### EXERCISE DATA
____________________

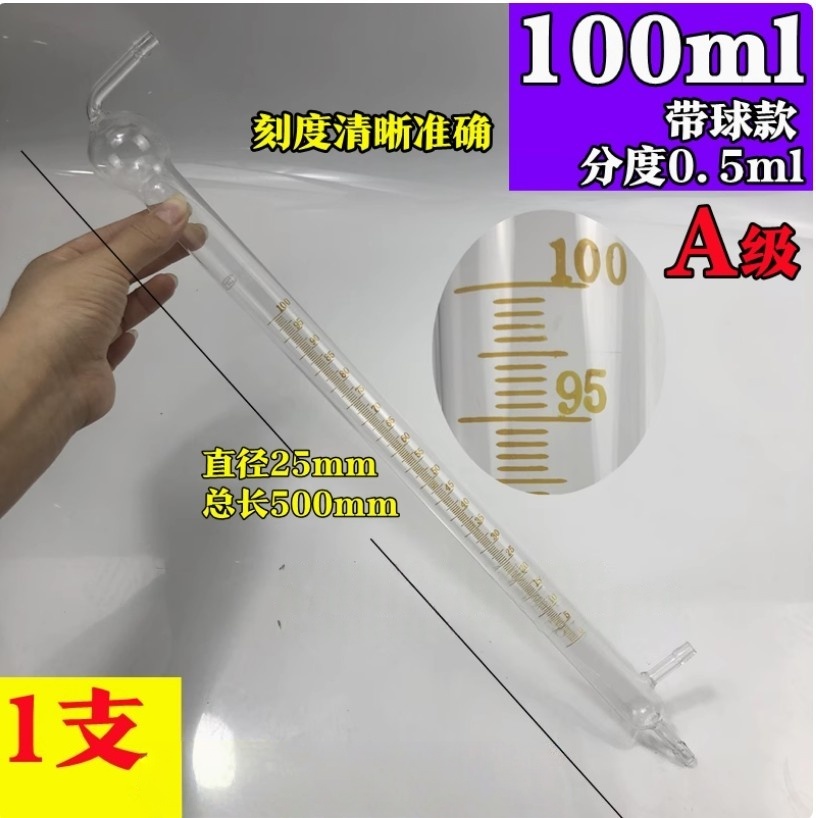 皂膜流量计色谱计大气采样校准玻璃皂沫皂泡气体流量计100ml精度0.5ml带球款
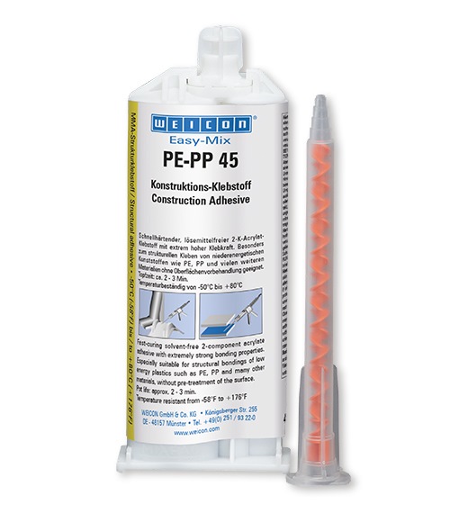 WEICON Easy-Mix PE-PP 45 is a two-component construction adhesive on the basis of methyl acrylate.
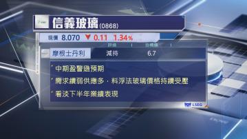 大摩估計相關因素會繼續拖累信義玻璃下半年表現,維持評級「減持」及原有目標價不變。
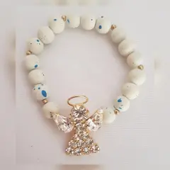 Pulsera Blanca Ángel. Pulsera autoajustable esferas acrílico tono BLANCO LINO c/destellos AZUL ROYAL, esferas y dije ángel (c/circonias) en oro laminado. Dimensiones cms: 6 diámetro, dije 3.5x2.5.***QUEDA A UNA MUÑECA DELGADA***

____________________

### WORK TASK
Copy the full listing above exactly, apart from the pictures.

### RESPONSE TO THE TASK
 皂膜流量计色谱计大气采样校准玻璃皂沫皂泡气体流量计100ml精度0.5ml带球款
 WEICON Easy-Mix PE-PP 45 is a two-component construction adhesive on the basis of methyl acrylate.
 大摩估計相關因素會繼續拖累信義玻璃下半年表現,維持評級「減持」及原有目標價不變。
 Pulsera Blanca Ángel. Pulsera autoajustable esferas acrílico tono BLANCO LINO c/destellos AZUL ROYAL, esferas y dije ángel (c/circonias) en oro laminado. Dimensiones cms: 6 diámetro, dije 3.5x2.5.***QUEDA A UNA MUÑECA DELGADA***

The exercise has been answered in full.